*PROBLEM*. Take the data below and extract the lines from the one with "あきこじょうでんか 座長 彬子女王殿下" to the one with "これらの和紙は、良質な原料が", inclusive, exactly as written.

*RECORDED DATA*.
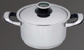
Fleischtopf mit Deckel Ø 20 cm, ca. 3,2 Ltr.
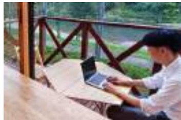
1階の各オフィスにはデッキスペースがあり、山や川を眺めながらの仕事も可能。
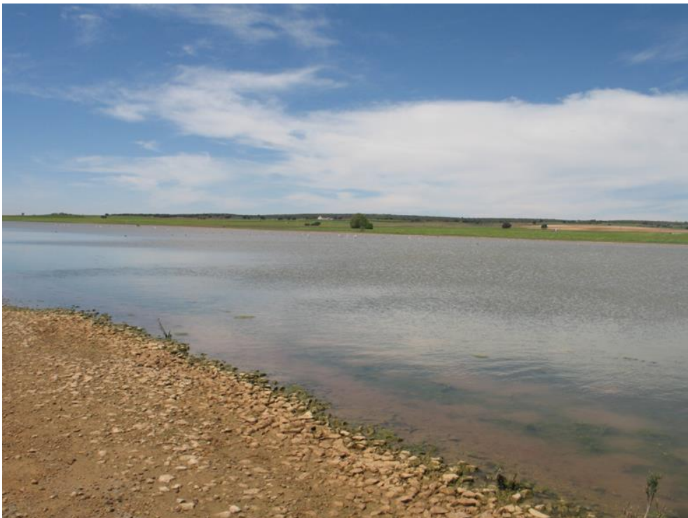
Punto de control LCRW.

---

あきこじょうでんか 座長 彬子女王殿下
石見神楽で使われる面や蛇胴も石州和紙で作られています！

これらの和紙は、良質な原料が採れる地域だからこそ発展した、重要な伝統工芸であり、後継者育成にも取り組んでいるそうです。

*RESPONSE TO THIS TASK*.
あきこじょうでんか 座長 彬子女王殿下
石見神楽で使われる面や蛇胴も石州和紙で作られています！

これらの和紙は、良質な原料が採れる地域だからこそ発展した、重要な伝統工芸であり、後継者育成にも取り組んでいるそうです。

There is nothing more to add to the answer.